SL: And it didn't come out under the name of Jeff Christie.

JC: No, because a group was put together and Brian suggested a name Christie because it was the fashion at the time to use the lead singer or writer of the group's surname, like Santana or Manfred Mann, I thought that was a good idea later on, so it came out as Christie.

SL: There were three of you in the group and one of them was Alan Blakley, the Tremeloe's, brother.

JC: Yeh, it was all very political how that band was put together. The Tremeloes were with CBS, Mike Smith was the producer for the Tremeloes, and they were just cracking the whip, they were saying this is how this is all going to happen. I was just a young lad from Leeds, overawed by it all. I met these two guys from London, Mike Blakley and Vic Elmes, they'd been playing for years and years trying to break through, they had groups like The Epics and Acid Gallery, and had all this help from Alan Blakley, and still hadn't made it. We started rehearsing, it was ok but I wasn't happy at all. The song was No 1 and we went all over the world and they were putting us out on tours, but I really felt it just wasn't good enough. I said to management either they go or I go, and I sort of closed the band down 18 months later. I resurrected it and put different people in. Over the next five years different people would come into the group, and it didn't matter because really it was only a vehicle for me and my songs.
   (In the 90s) I put a band together again because people had been getting in touch with me for the nostalgia circuit, in places like Germany. That band's been with me now nearly 20 years.

thommySL: That explains a German album I have called Thommy's Christmas Party, which features two songs from the new band.

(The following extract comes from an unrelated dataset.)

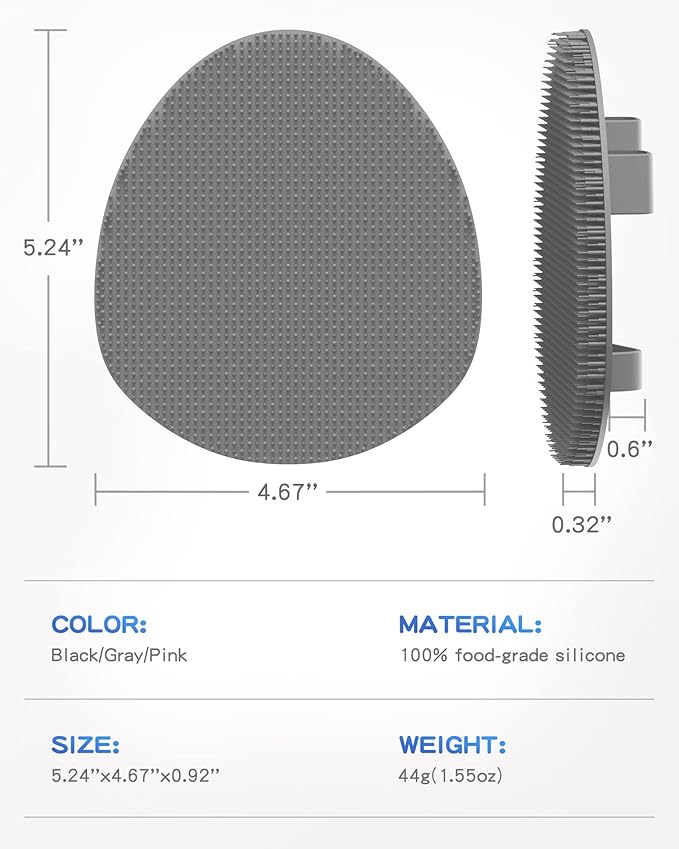 Manmihealth Silicone Back Scrubber(Thick Bristles) & Soft Bath Glove Set, Super-Exfoliating Body Scrubber & Super-Lathering Shower Brush Combination, with a Free Hook.(Gray)

JC: They wanted a lot of bands to do two tracks each for a Christmas album .. one would be a classic Christmas song and the other one of your own. I had a song of my own called Northern Lights, which I changed to Yuletide Lights. So then I had to choose another song, a cover, and I thought, "What's left", I don't like most of them anyway, and it dawned on me that probably the best Christmas song was Happy Christmas War Is Over, and I thought, dare I do that? It was a great song and me tipping my hat to Lennon and the Beatles because they kicked the doors down for the old regime of what music was in this country, and have a crack yourselves.

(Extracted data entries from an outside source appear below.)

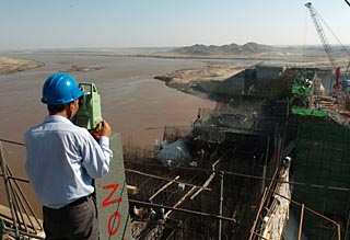 2007年10月22日,一名中國工人在蘇丹首都喀土穆以北的麥羅維大壩施工現(xiàn)場進(jìn)行測量。麥羅維大壩由中國水利電力對外公司和中國水利水電建設(shè)集團(tuán)公司承建,是迄今為止中國企業(yè)承包的最大國際工程,也是蘇丹乃至非洲目前在建的最大水電項(xiàng)目。新華社記者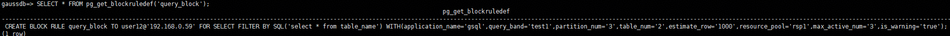1 | SELECT * FROM pg_get_blockruledef('query_block'); |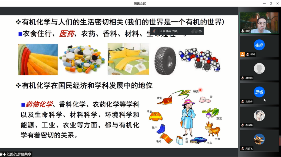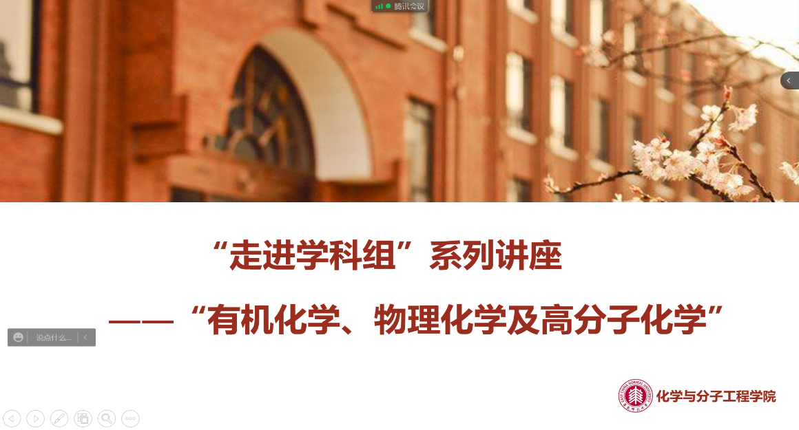 2022年5月18日,太阳成集团tyc33455为2021级同学举办了“走进学科组”系列之“有机化学、物理化学及高分子化学”讲座。因为疫情原因,老师和同学们通过腾讯会议云端相会。本次讲座由王媛媛副经理主持,并有幸邀请到了有机化学学科组组长刘路教授、物理化学学科组组长王欢教授和高分子化学学科组组长谢美然教授为同学们分别介绍这三大化学学科。

SL: People can still book Christie and you do stuff like Yellow River and new songs.

JC: Yes, we're out this week in Germany and been to Spain this year doing TV and we have a big show in Belgium coming up, there's always been a strong reverence in Germany for British hit bands of the 60s and 70s. Probably goes back to the Beatles Hamburg thing? Yellow River and San Bernadino have become two very big worldwide hits and Yellow River in particular has become kind of a standard, kind of a classic.

SL: Using Yellow River for Yellow Pages .. that must have been your pension.

JC: No, no, believe it or not .. these things are done by the publishers, I had no say in it at all. At first I thought it cheapened the song in some way, fingers walking and stuff like that, but if it had come to me in the first place, I would have probably said No. Songs are like your babies, you nourish them and send them out into the world, and if they're really, really successful, they have a life of their own, you can't always control them.

SL: Jeff Christie, it's been great talking to you, thanks very much indeed, and we hope to see you playing Yellow River live in Liverpool at some stage.

JC: Well, I'd love to come to Liverpool and play at the Cavern!